DIRECTIONS FOR THIS TASK
In the records below, the relevant part opens with the line containing "Clayre & Eef" and closes with the line containing "Ether (ETH) has"; print that part exactly and only, without its pictures.

MATERIAL FOR THIS TASK
[Start of Attachment]

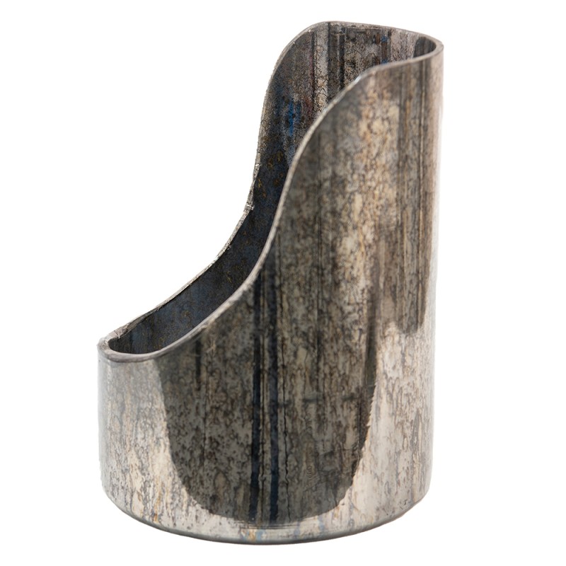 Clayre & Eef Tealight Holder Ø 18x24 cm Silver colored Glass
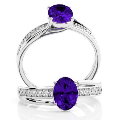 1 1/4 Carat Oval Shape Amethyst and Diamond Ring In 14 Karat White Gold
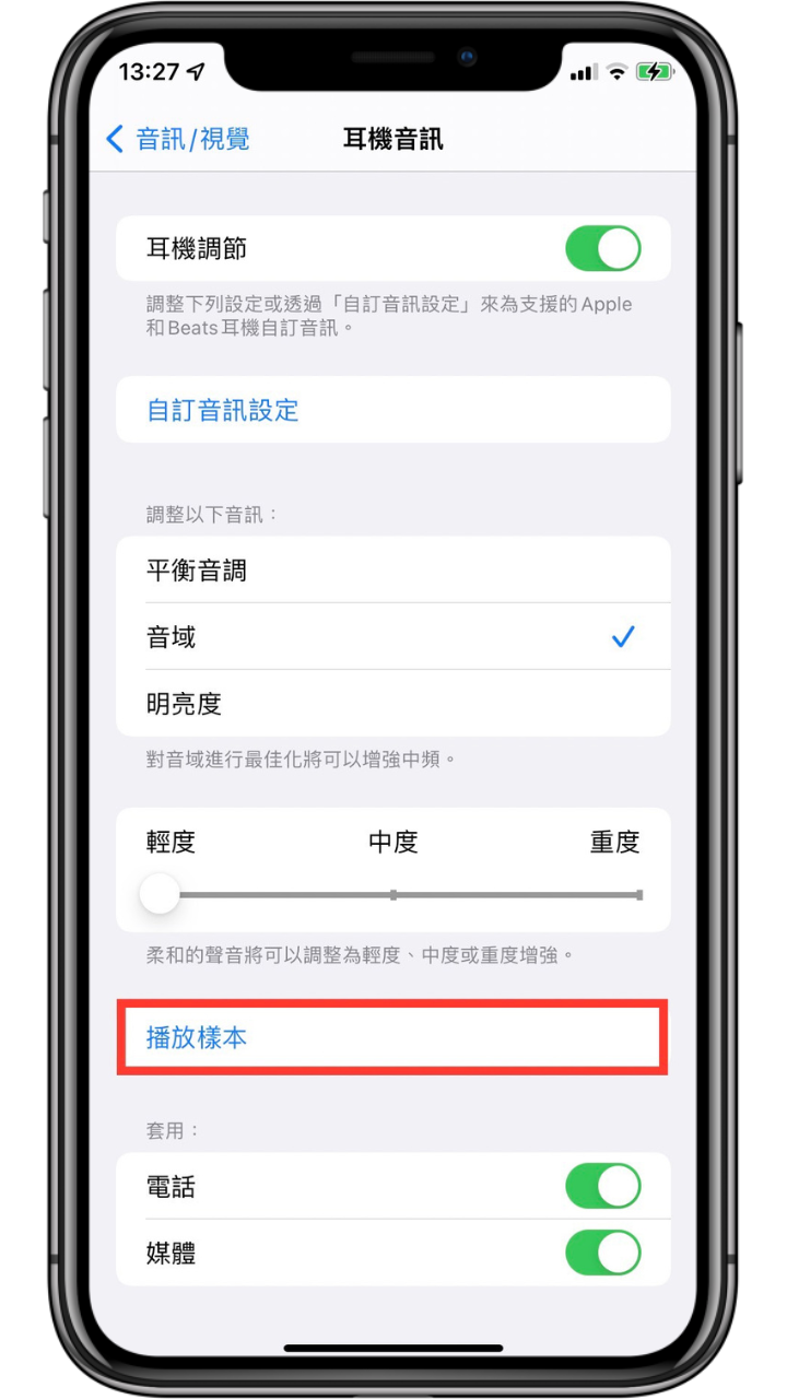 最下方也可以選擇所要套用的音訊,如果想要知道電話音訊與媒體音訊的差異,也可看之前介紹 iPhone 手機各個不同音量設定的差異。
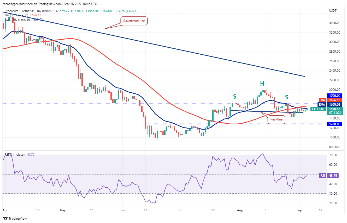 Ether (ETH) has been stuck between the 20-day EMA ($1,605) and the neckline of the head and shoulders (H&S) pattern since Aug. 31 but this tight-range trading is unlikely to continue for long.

[End of Attachment]
[Start of Attachment]

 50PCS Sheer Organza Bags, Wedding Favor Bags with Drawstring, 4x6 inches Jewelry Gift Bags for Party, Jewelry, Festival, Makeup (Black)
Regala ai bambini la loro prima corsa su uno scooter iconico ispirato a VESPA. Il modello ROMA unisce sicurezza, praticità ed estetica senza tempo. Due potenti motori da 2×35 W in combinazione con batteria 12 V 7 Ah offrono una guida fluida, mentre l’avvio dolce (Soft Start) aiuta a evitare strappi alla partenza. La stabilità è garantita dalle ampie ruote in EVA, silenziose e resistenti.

[End of Attachment]
[Start of Attachment]

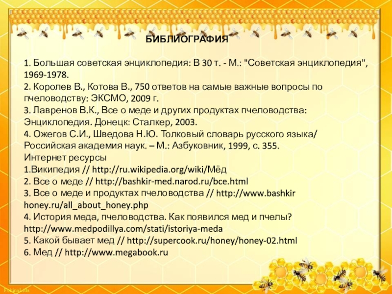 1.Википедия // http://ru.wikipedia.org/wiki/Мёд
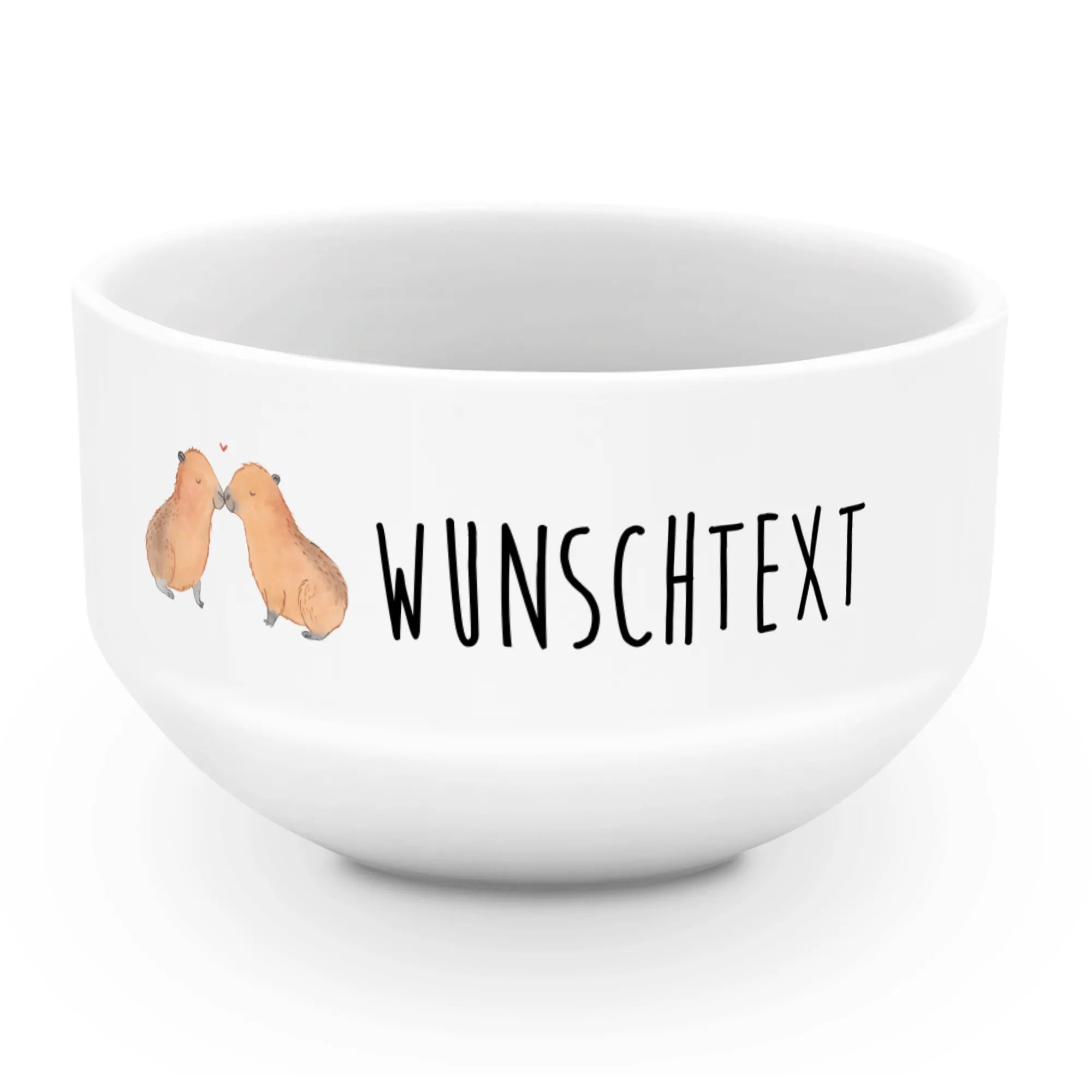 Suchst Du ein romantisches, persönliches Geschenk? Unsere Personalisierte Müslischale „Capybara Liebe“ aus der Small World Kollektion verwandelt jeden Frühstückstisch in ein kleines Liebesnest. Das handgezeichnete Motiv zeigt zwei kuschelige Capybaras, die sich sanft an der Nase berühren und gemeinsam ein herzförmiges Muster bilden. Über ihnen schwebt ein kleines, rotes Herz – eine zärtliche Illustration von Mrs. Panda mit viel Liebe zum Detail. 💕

[End of Attachment]

RESULT OF THIS EXERCISE
 Clayre & Eef Tealight Holder Ø 18x24 cm Silver colored Glass
 1 1/4 Carat Oval Shape Amethyst and Diamond Ring In 14 Karat White Gold
 最下方也可以選擇所要套用的音訊,如果想要知道電話音訊與媒體音訊的差異,也可看之前介紹 iPhone 手機各個不同音量設定的差異。
 Ether (ETH) has been stuck between the 20-day EMA ($1,605) and the neckline of the head and shoulders (H&S) pattern since Aug. 31 but this tight-range trading is unlikely to continue for long.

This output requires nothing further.